A picture is worth a thousand words.

Matplotlib is the most widely used Python library for various visualizations: static, dynamic, or animated. Today, we will learn how to plot data using this library in Python.

How to install matplotlib in Python?

Let us see how to install matplotlib using Python installer in various operating systems.

  • Windows
pip install -U matplotlib
  • Linux
sudo apt-get install python3-matplotlib
  • Mac
sudo pip3 install matplotlib

To plot your data visualization: let only copy first, edit after.

Histogram

Histograms are one of the heavily used plots across functions as it gives a very good view of the distribution of data.

from numpy import random
from matplotlib import pyplot as plt

random.seed(0)
meu = 50
sig = 0.30
data = meu + sig * random.randn(1000)

plt.hist(data, bins=20, facecolor="#08D9D6", alpha=0.30, rwidth=0.7)
plt.subplots_adjust(left=0.30)
plt.show()

Line

Single Line

from matplotlib import pyplot as plt

price = [1, 1.2, 1.4, 1.6, 1.8, 2.0, 2.2]
quantity = [800, 700, 600, 550, 500, 460, 420]

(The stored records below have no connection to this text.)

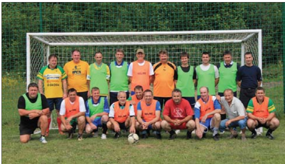
Dobro razpoloženi nogometni veterani Rače in Dobrepolja

la zaključena. Zadnje resno dejanje je bila podelitev zasluženih priznanj in pokalov. Letos je bila ta še za kanček slovesnejša, saj je bila to jubilejna, deseta, ponovitev prireditve. Lepo zagoreli od sonca smo si bili vsi udeleženci enotni – bilo je odlično, prireditve je ponudila za vsakogar nekaj. Bili smo sproščeni, bili smo športni in imeli smo se lepo. Po podelitvah je zaigral še lokalni bend in prešerno druženje ob petju in plesu se je nadaljevalo v večer.
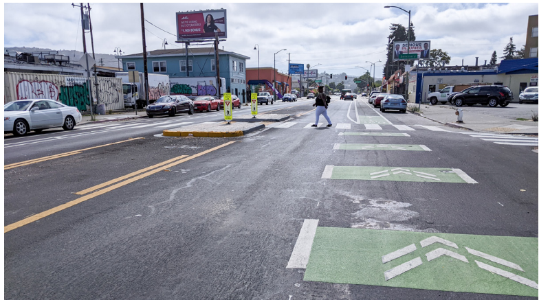
Người đi bộ tiếp cận hòn đảo an toàn dành cho người đi bộ qua lối đi dành cho người đi bộ ở phía đông Avenal Ave.

Đường dành cho xe đạp Bancroft Ave có làn đường dành cho xe đạp liên tục dài nhất trong toàn bộ Oakland, kéo dài 4.5 dặm từ 42nd Ave đến Durant Ave và tiếp tục đi vào San Leandro thêm 1.5 dặm. (Theo hướng đi về phía tây, có một khoảng cách ngắn làn đường dành cho xe đạp gần Havenscourt Blvd.) Đường dành cho xe đạp ban đầu được xây dựng bởi các dự án lát đường vào năm 2003 và 2008, với phần từ 98th Ave đến Durant Ave được nâng cấp thành làn đường dành cho xe đạp có vạch ngăn vào năm 2020.
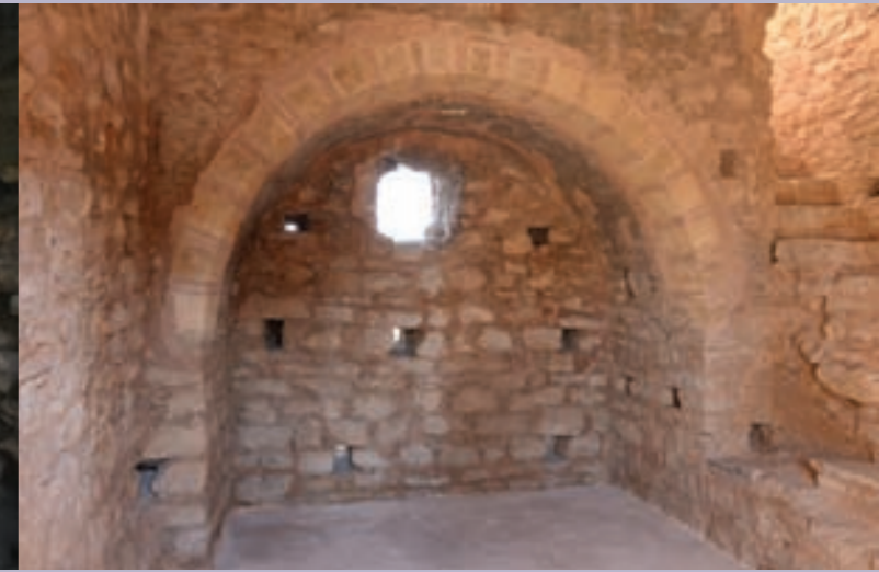
Επάνω: Εσωτερική άποψη της πρώτης στάθμης του νοτιοανατολικού πύργου Above: The first floor of the southeastern tower during and after the restoration
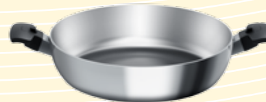
Paellera de 14 pulgadas
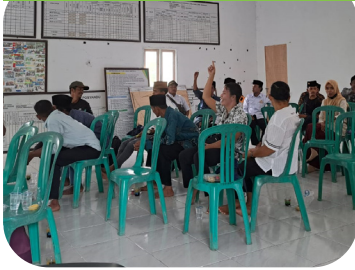
Pelatihan budidaya karet
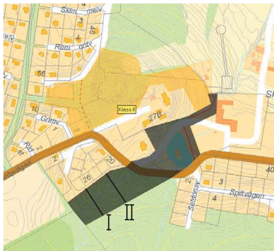
Orangemarkerat område pekas i grönplanen ut som värdefull natur. I och II markerar sektioner på sidan 5.

Något program som anger mål, förutsättningar och inriktning för denna detaljplan har inte upprättats. Detta har inte ansetts nödvändigt med tanke på att dessa aspekter istället behandlas i denna planbeskrivning som är föremål för samråd med berörda under sommaren 2006.
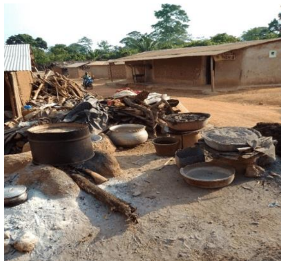
a) Matériel de fabrication de la potasse
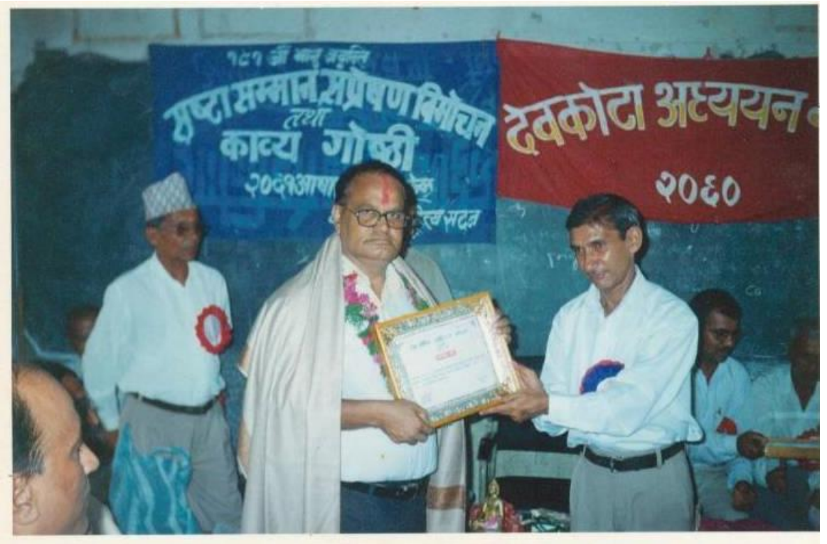
वाल्मीकि साहित्य सम्मान, रत्ननगरद्वारा सम्मान ग्रहण गर्दै
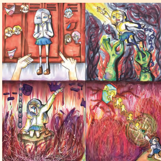
中職生 / 多二智 陳釋文

生活在言論自由的時代，許多人顧不顧他人的感受而給予糟糕的評價，或因對方的外貌而給他人定價，一個人的好壞不應如此定論，我們不該用有色眼光隨意評價他人。
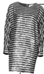
Robe en soie à sequins, Saint Laurent par Hedi Slimane, sur mytheresa.com, 5 990 €.
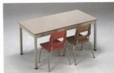
Mesa código: 40R12060-60
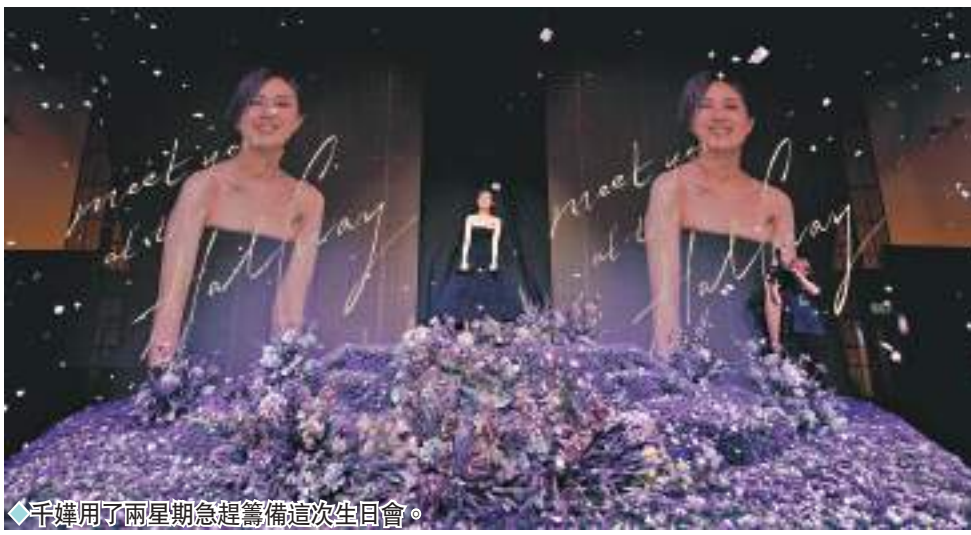
◆千嬅用了兩星期急起籌備這次生日會。
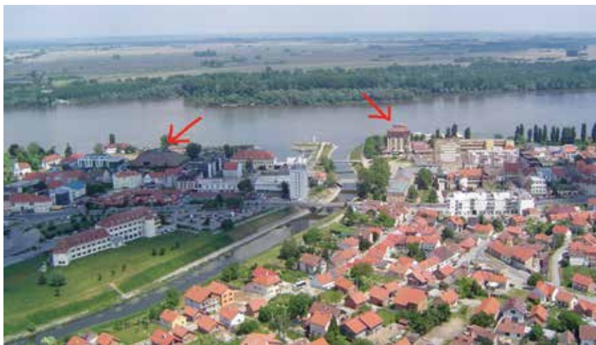
Pogled iz zraka na ušće Vuke – devastirana zgrada Name (lijevo) i hotel Dunav (desno)

Nakon oslobođenja grada 1687. preostalo je naseljeno tek pedesetak kuća, a od starog naselja uglavnom nije bilo ni tragova. Tada se u opustošeni vukovarski kraj počelo naseljavati starosjedilačko i novodoseljeno hrvatsko stanovništvo, a u neka su opustjela mjesta došli i pravoslavni Srbi. Tijekom 18. i 19. st. doselio se i veći broj Nijemaca, a potom i Mađara, Židova, Rusina, Slovaka, Ukrajinaca... Vukovar postaje sjedište goleme Srijemske županije između Dunava i Save koja se protezala od Osijeka do Zemuna. Velike posjede dobivaju ili kupuju brojni feudalci, a grofovi Eltz, pripadnici njemačkog praplemstva, postaju vlasnici vukovarskog vlastelinstva i grade raskošan dvorac na lijevoj obali Vuke. Tako u 18. st. Vukovar postaje dvojni grad koji tvore zbijeni stari dio na
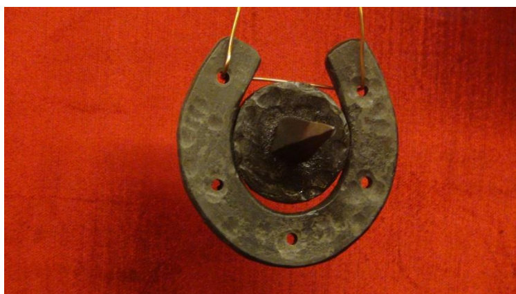
Рис. 1. «Печать конокрада» (Музей, инв. № 13).

Таким образом, в Западной Сибири использовались преимущественно «легкие» виды пыток, большинство из которых представляли собой превентивную меру от побегов. В качестве иллюстрации инквизиционного наказания Германии приводим «Печать конокрада»: в пятку вбивали гвоздь с навешанной на него подковой, после чего наказанный больше не мог передвигаться на ногах.
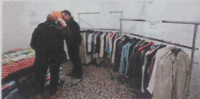
Il reparto vestiti del mercato anti crisi

zione di promozione sociale senza fine di lucro che si ispira al coraggio delle singole persone, ai principi di libertà e indipendenza e alla volontà di scongiurare le situazioni di indigenza temporanea e continuativa dei cittadini della città. Si ispira ai principi della solidarietà, preferendoli ai principi della carità occasionale.
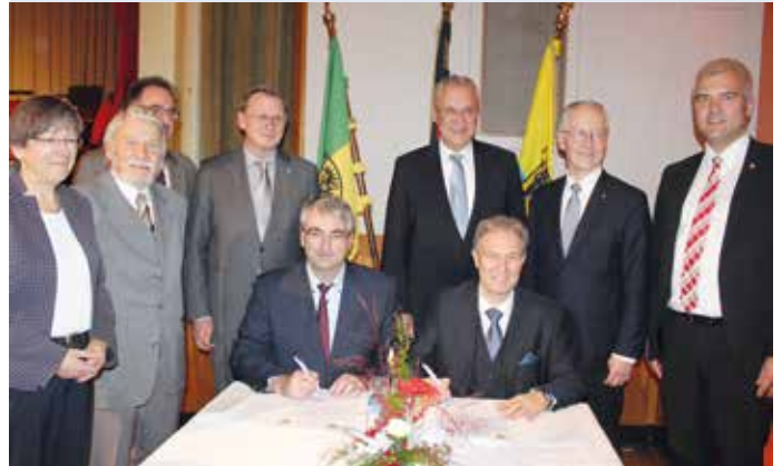
Bekräftigung der Kreispartnerschaft mit dem Landkreis Kronach
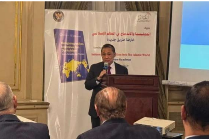
我国外交部副部长阿尼斯·马塔在埃及开罗举行的研讨会上发表讲话，

自己的。印尼以每立方米1500盾的价格将它们运往国外，然后再以数百万盾的价格运回国内。这些药材应该在本地进行加工处理，”他如是说。（fd）
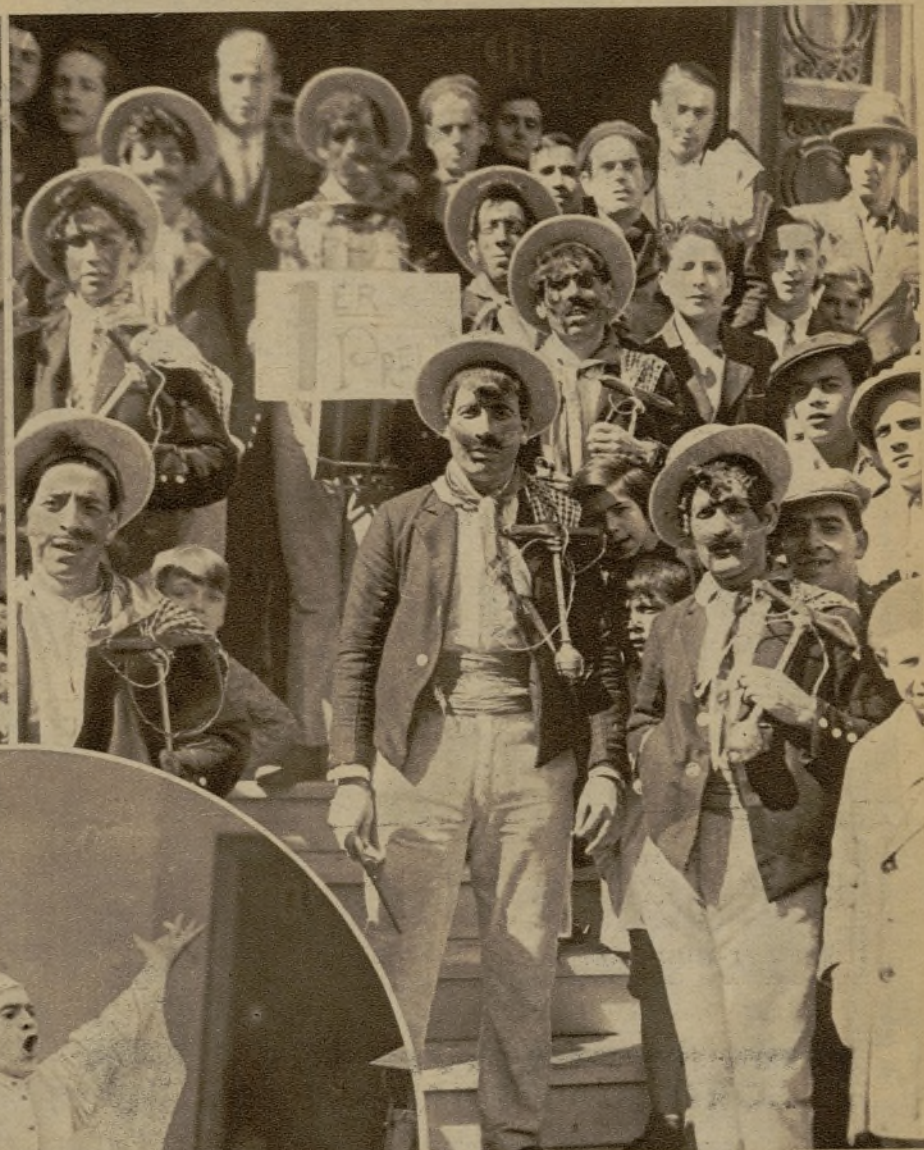
Esta comparsa, titulada "Los lañadores", y que desarrolló un graciosísimo repertorio de coplas, obtuvo el primer premio en el concurso de su "categoría"
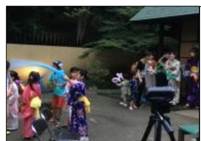
クイズの景品はバルーンアート。
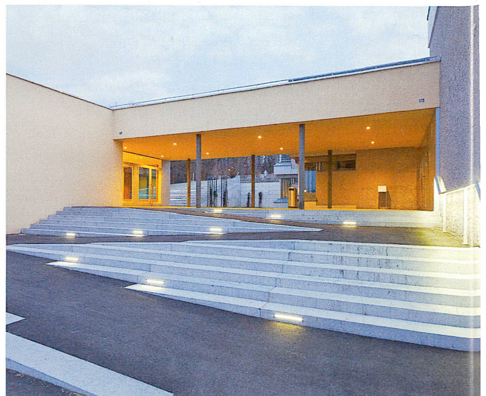
Zeljko Gataric Fotografie
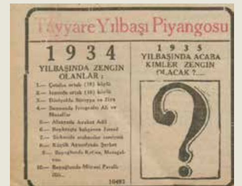
30 Aralık 1934- Milliyet: ilginç bir milli piyango ilanı
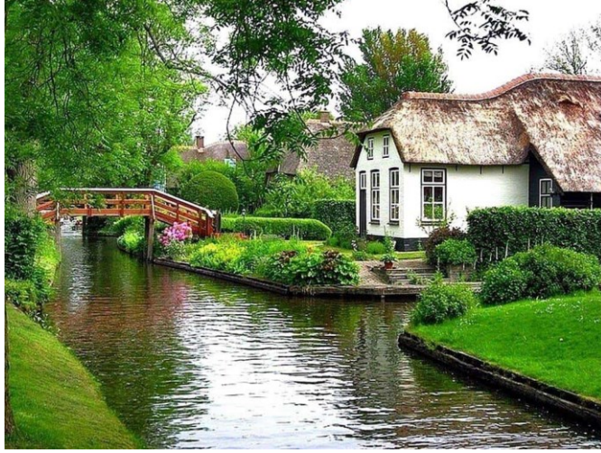
(شكل رقم ١٣) شكل نخر لقرية جيثورن في هولندا
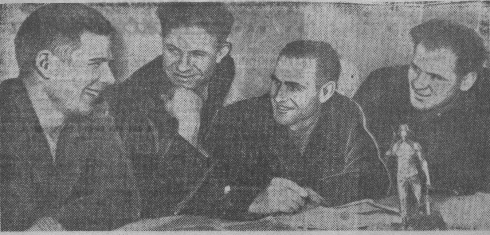
Коллектив участка № 2 шахты «Чертинская-Южная» Беловского рудника уже давно ведет переписку с горняками шахты «Зарубек» Острарского угольного бассейна Чехословакии. В знак дружбы горняки шахты «Зарубек» прислали в подарок коллективу участка № 2 бронзовую статуэтку «Шахтер с лампой».

Подакомиссия, например, установила, что выпуск лекарства корпорацией «Шеринг» обходится ей по 1,6 цента за таблетку. Однако корпорация продает эти таблетки аптекам по 17,9 цента, которые перепродают их населению по 29,8 цента за таблетку.
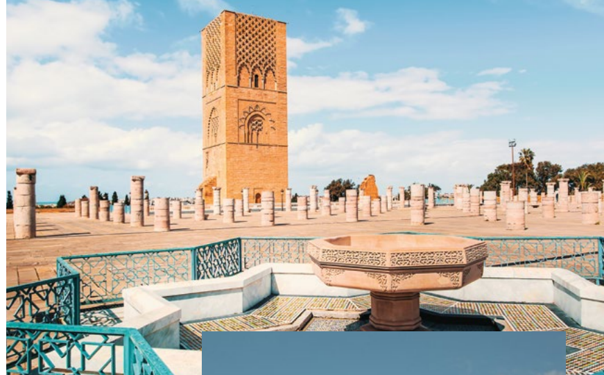
In questa pagina, dall'alto: minareto a Rabat; torre della Koutoubia a Marrakech; moschea di Hassan II a Casablanca; tè marocchino.

In base all'orario del volo abbiamo del tempo libero a disposizione prima del rientro in Italia.
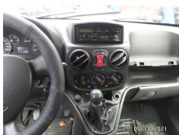
Fot. 34 foto 34
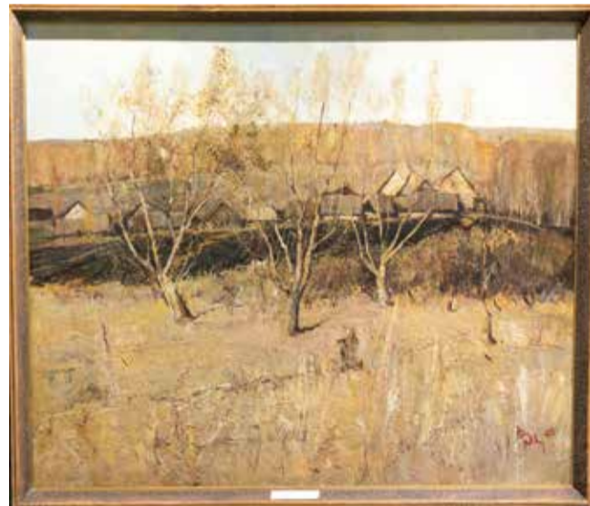
Трепетной грустью окутан «Осенний мотив», приобретённый Государственным музеем изобразительных искусств РТ
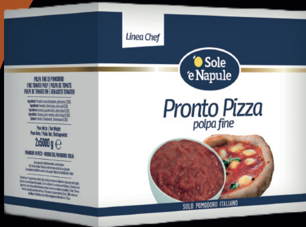
Pronto pizza, polpa fine di pomodoro
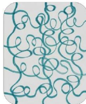
CAETANO DE ALMEIDA Artiste brésilien

plt.plot(price, quantity, marker='*', color='#FF2E63')

plt.xlabel('price')
plt.ylabel('quantity')

plt.show()

Several Lines

How do we add multiple lines in the same chart? Let us take it a bit further to plot multiple lines in the same chart.

from matplotlib import pyplot as plt

price = [1, 1.2, 1.4, 1.6, 1.8, 2.0, 2.2]
demand = [800, 700, 600, 550, 500, 460, 420]
supply = [500, 550, 600, 640, 680, 700, 720]

plt . plot(price, demand, marker='*', color='#FF2E63', label='demand')
plt . plot(price, supply, marker='*', color='#08D9D6', label='supply')

plt.xlabel('price')
plt.ylabel('quantity')
plt.legend()

plt.show()

We created a multiple line plot by calling 2plot functions.

Bar Plot

Bar plots are one of the most popular charts used in any type of visualization as it shows the relative data points in an emphasized manner like a line chart.

Bar Plot

from matplotlib import pyplot as plt

classes = [ 'class1' , 'class2' , 'class3' ]
train = [ 1000 , 700 , 300 ]

plt . bar ( classes , train , width = 0.3 , align = 'center' )
plt . title ( 'Training set' )

plt.show()

Stacked Bar Plot

from numpy import random
from matplotlib import pyplot as plt

random . seed ( 0 )
classes = [ 'class1' , 'class2' , 'class3' ]
train = [ 1000 , 700 , 300 ]
test = [ 100 , 70 , 30 ]

plt . bar ( classes , train , width = 0.3 , align = 'center', color='#08D9D6' )
plt . bar ( classes , test , width = 0.3 , align = 'center' , bottom = train, color='#FF2E63')
plt . title ( 'Training and test set' )

plt.show()

Scatter Plot

from numpy import random
import matplotlib.pyplot as plt

random.seed(1968)
number = 20
x = random.rand(number)
y = random.rand(number)

area = (40 * random.rand(number))**2.5

plt.scatter(x, y, c='#FF2E63', alpha=0.8)
plt.show()

Conclusion

Easy, right? Let’s choose the right chart. This will help your presentation stick in the audience’s minds.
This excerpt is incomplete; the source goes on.